> [Assignment]: Reproduce exactly, and only, the lines of the material below running from the line bearing "SURABAYATODAY.OD, JAKARTA –" through the line bearing "送料無料 ビキニ女性水着 2023". Leave any pictures out.

START Task data

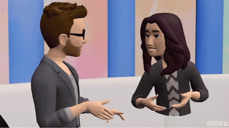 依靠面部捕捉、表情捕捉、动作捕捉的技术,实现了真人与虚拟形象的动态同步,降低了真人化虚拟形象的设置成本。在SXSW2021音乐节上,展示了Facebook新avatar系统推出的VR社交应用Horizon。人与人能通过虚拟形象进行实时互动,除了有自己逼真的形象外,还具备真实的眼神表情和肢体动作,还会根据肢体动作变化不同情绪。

END Task data
START Task data

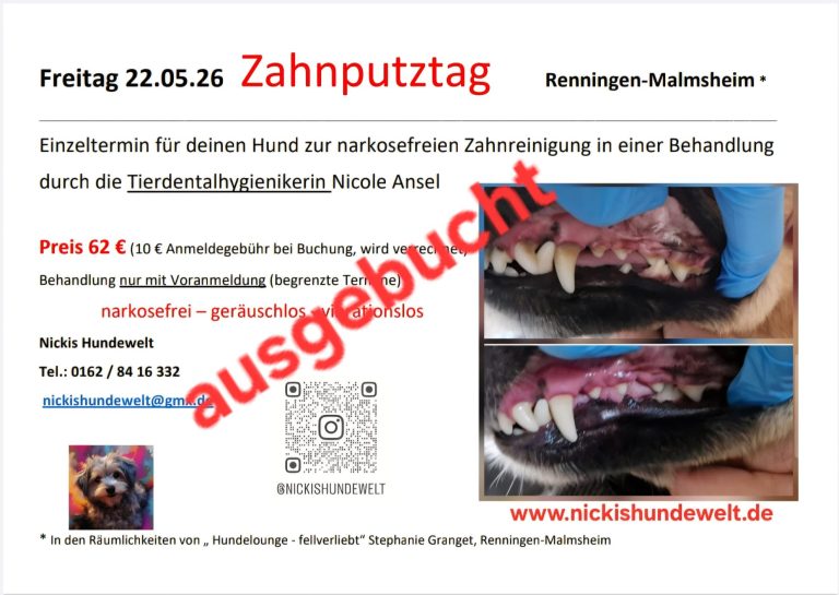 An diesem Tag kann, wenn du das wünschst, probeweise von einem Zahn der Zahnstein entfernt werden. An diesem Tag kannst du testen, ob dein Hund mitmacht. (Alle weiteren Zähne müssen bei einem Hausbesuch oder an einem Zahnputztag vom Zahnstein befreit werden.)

END Task data
START Task data

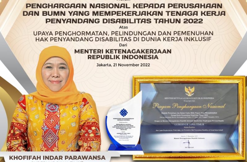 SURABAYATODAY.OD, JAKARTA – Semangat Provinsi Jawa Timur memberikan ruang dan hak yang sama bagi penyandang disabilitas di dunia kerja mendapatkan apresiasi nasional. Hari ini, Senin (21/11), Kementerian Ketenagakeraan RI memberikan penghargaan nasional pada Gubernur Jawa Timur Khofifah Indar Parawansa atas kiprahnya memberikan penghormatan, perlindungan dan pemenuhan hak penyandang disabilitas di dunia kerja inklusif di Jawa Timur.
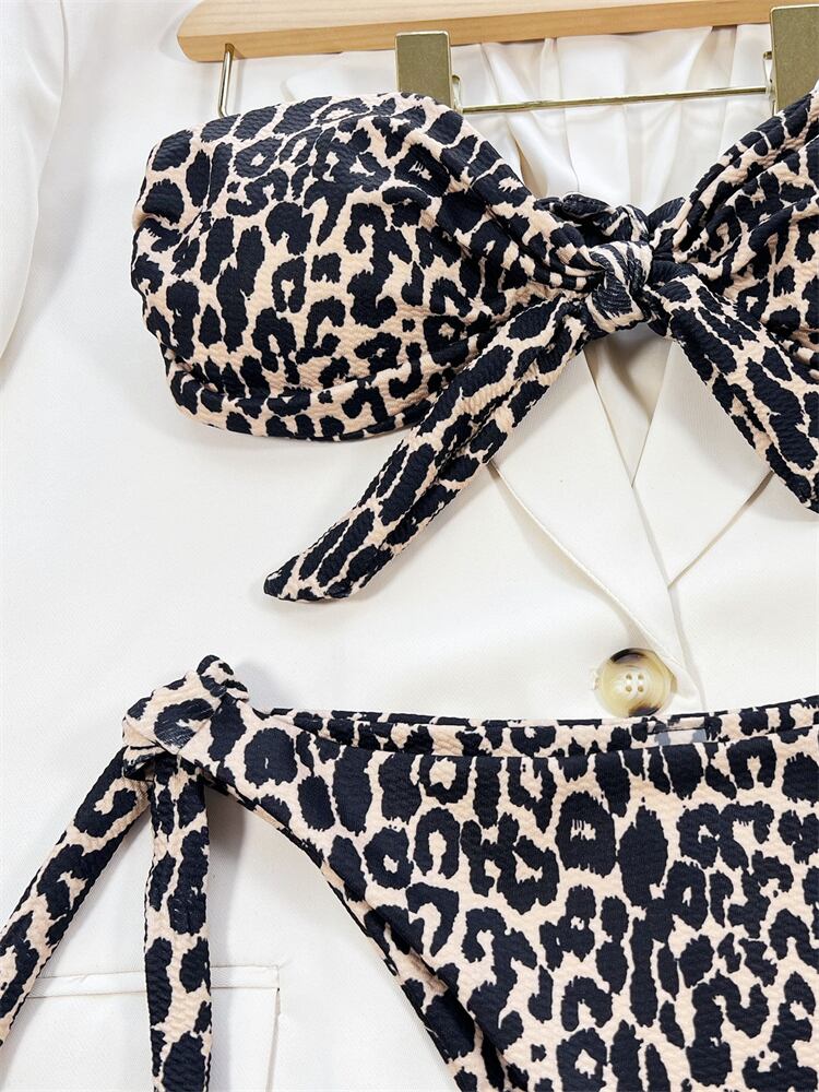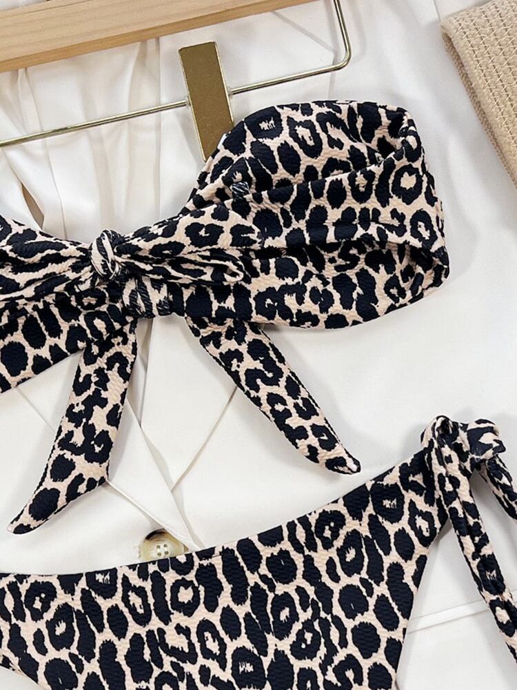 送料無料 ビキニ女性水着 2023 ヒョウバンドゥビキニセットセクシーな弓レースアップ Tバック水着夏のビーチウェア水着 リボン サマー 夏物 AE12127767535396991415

END Task data

> [Result of the exercise]:
 SURABAYATODAY.OD, JAKARTA – Semangat Provinsi Jawa Timur memberikan ruang dan hak yang sama bagi penyandang disabilitas di dunia kerja mendapatkan apresiasi nasional. Hari ini, Senin (21/11), Kementerian Ketenagakeraan RI memberikan penghargaan nasional pada Gubernur Jawa Timur Khofifah Indar Parawansa atas kiprahnya memberikan penghormatan, perlindungan dan pemenuhan hak penyandang disabilitas di dunia kerja inklusif di Jawa Timur.
 送料無料 ビキニ女性水着 2023 ヒョウバンドゥビキニセットセクシーな弓レースアップ Tバック水着夏のビーチウェア水着 リボン サマー 夏物 AE12127767535396991415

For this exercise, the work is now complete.